§ **EXERCISE DETAILS**: Return the full listing unchanged, excluding any images it contains.

───── DATA BLOCK

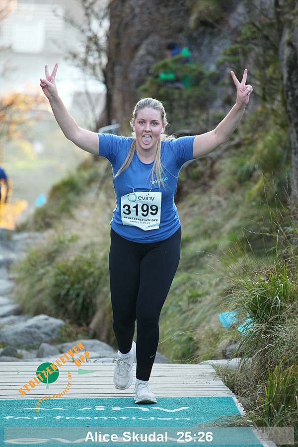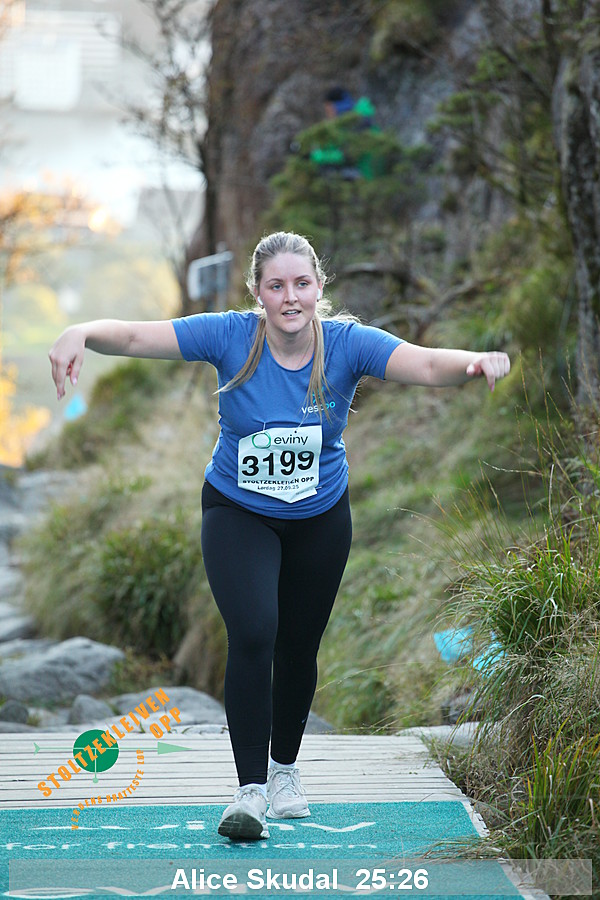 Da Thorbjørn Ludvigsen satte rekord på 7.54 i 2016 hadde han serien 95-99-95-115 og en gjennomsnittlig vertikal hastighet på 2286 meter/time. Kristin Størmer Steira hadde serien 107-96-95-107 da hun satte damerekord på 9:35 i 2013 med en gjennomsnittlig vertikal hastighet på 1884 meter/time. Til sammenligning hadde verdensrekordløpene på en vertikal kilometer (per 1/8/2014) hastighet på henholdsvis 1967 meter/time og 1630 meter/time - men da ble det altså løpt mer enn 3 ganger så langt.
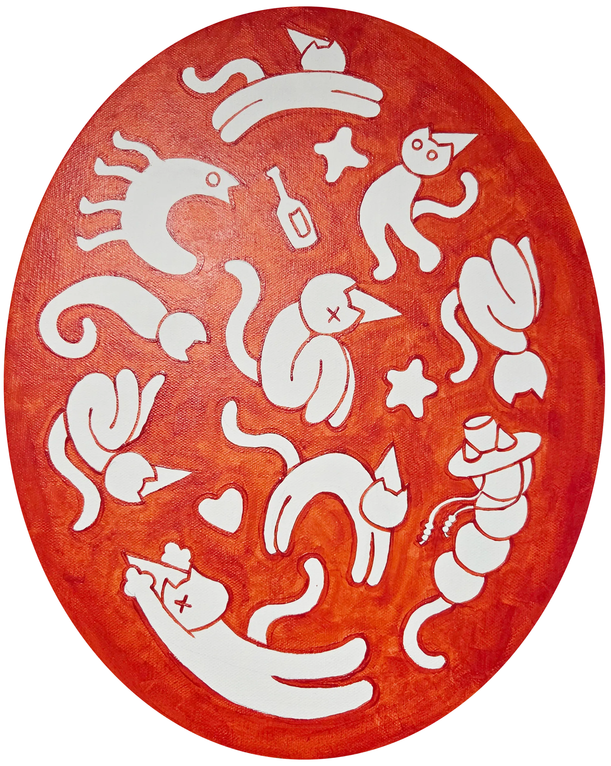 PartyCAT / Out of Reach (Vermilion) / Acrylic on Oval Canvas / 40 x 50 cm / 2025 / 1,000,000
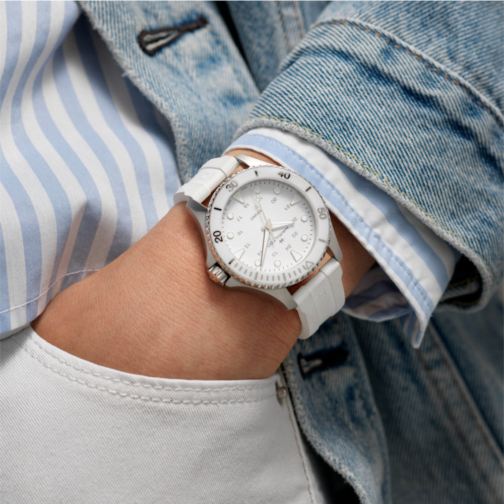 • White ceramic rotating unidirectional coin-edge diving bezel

──────────

§ **THE ANSWER**:
 Da Thorbjørn Ludvigsen satte rekord på 7.54 i 2016 hadde han serien 95-99-95-115 og en gjennomsnittlig vertikal hastighet på 2286 meter/time. Kristin Størmer Steira hadde serien 107-96-95-107 da hun satte damerekord på 9:35 i 2013 med en gjennomsnittlig vertikal hastighet på 1884 meter/time. Til sammenligning hadde verdensrekordløpene på en vertikal kilometer (per 1/8/2014) hastighet på henholdsvis 1967 meter/time og 1630 meter/time - men da ble det altså løpt mer enn 3 ganger så langt.
 PartyCAT / Out of Reach (Vermilion) / Acrylic on Oval Canvas / 40 x 50 cm / 2025 / 1,000,000
 • White ceramic rotating unidirectional coin-edge diving bezel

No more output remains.